### The data
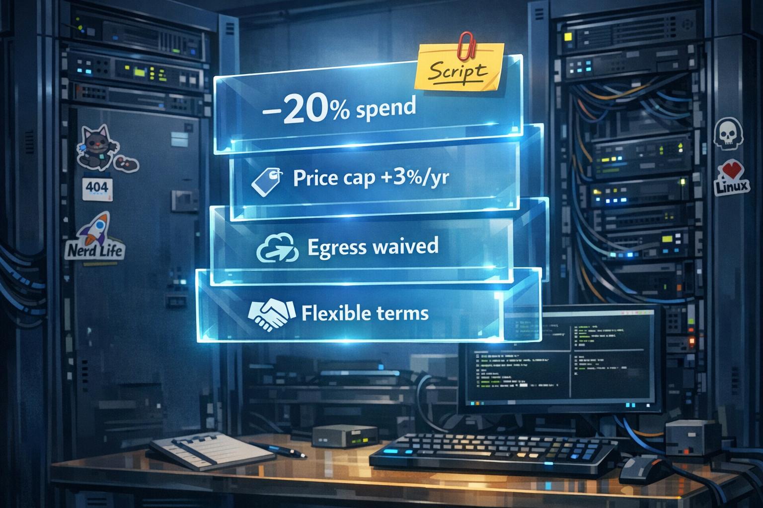 - Request better terms: Cap price hikes at 3–5%, waive egress fees, and secure flexible reduction rights for unused capacity.
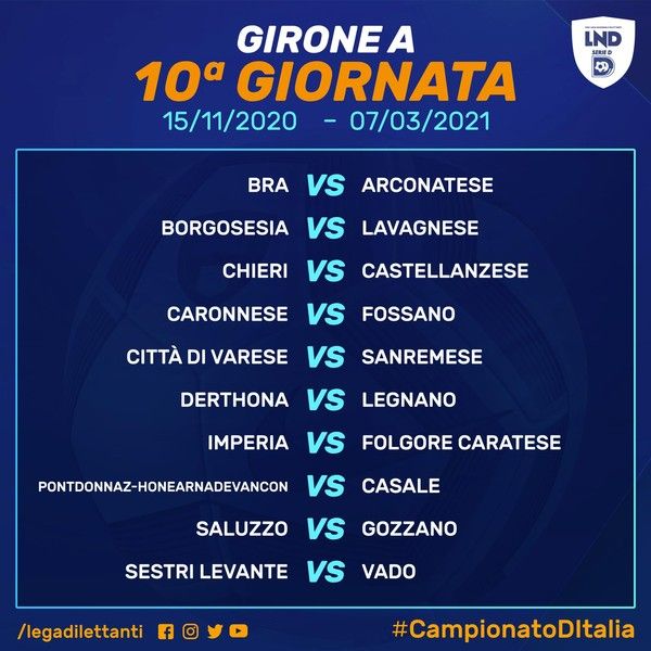 Una data, comunque, storica visto cosa è successo negli ultimi anni al Varese, rinato dalle ceneri della Terza Categoria una stagione fa: i biancorossi esordiranno in serie D domenica prossima, 27 settembre, sul campo ligure di Sestri Levante. Il debutto al Franco Ossola avverrà invece domenica 4 ottobre contro i valdostani neopromossi del Pont Donnaz: la società del presidente Amirante aveva chiesto di poter disputare la prima partita lontano da casa per via dei lavori al campo e allo stadio, ormai in fase di ultimazione, distinti a parte (restano inagibili, come le curve, sempre che si giochi in presenza di pubblico). Le prime due giornate si disputeranno a porte chiuse, salvo ripensamenti o modifiche delle regole.
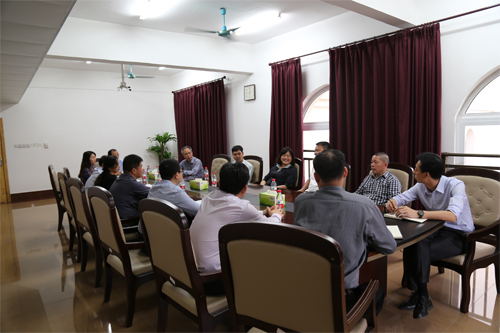 4月14日,王玫副校长带领现代教育技术中心负责人及相关人员到南宁分校空港校区调研指导工作。分校在家领导、校长助理和分校校长(党委)办公室负责人等在行政楼417会议室参加了座谈会。
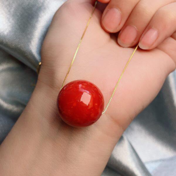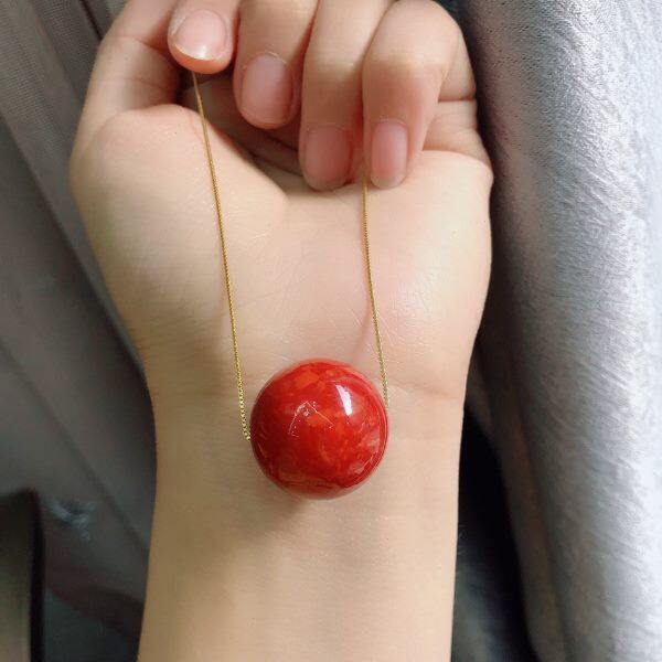泓石斋 小红漂亮红色大吊坠单珠大吊坠挂饰 百搭流行配饰约20mm
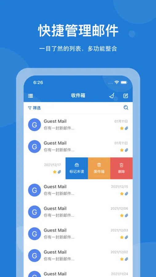 Guest Mail是一款轻量化,简洁美观,无广告的移动端邮箱客户端,可快速管理多个邮箱,对邮箱进行回复、转发、删除等操作。客户端采用端到端加密技术对用户数据进行保护,并且支持MFA双重身份认证方式验证用户身份。
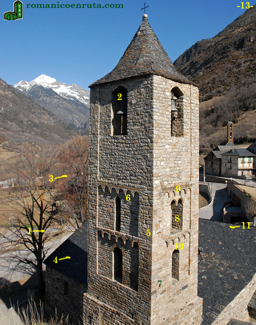 La separación entre los dos primeros pisos se realiza por medio de series de arcos ciegos (cinco en los lados este y oeste y seis en las caras sur y norte, enlace 10) mientras que la transición entre el último piso de ventanas y el cuerpo superior añade a las series de arquillos ciegos un friso de dientes de sierra (enlaces 6/9). Las ventanas del piso inferior difieren en amplitud y las del piso superior son geminadas en todas las caras salvo la de la cara sur, de vano simple y muy estrecha.
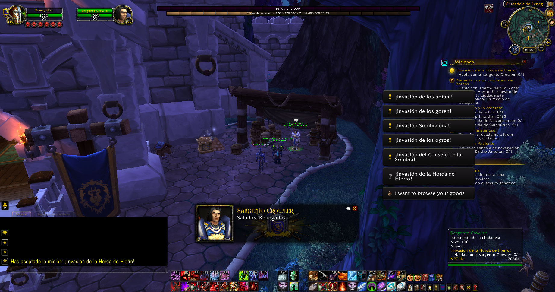 https://www.wowhead.com/es/npc=78564/sargento-crowler https://www.wowhead.com/quest=36655/iron-horde-invasion https://www.youtube.com/watch?v=mq58_uEnw-Y

### Work required
From the records above, copy only the lines running from the line holding "4月14日,王玫副校长带领现" through the line holding "Guest Mail是一款轻", with no pictures.

### Solution
 4月14日,王玫副校长带领现代教育技术中心负责人及相关人员到南宁分校空港校区调研指导工作。分校在家领导、校长助理和分校校长(党委)办公室负责人等在行政楼417会议室参加了座谈会。
泓石斋 小红漂亮红色大吊坠单珠大吊坠挂饰 百搭流行配饰约20mm
 Guest Mail是一款轻量化,简洁美观,无广告的移动端邮箱客户端,可快速管理多个邮箱,对邮箱进行回复、转发、删除等操作。客户端采用端到端加密技术对用户数据进行保护,并且支持MFA双重身份认证方式验证用户身份。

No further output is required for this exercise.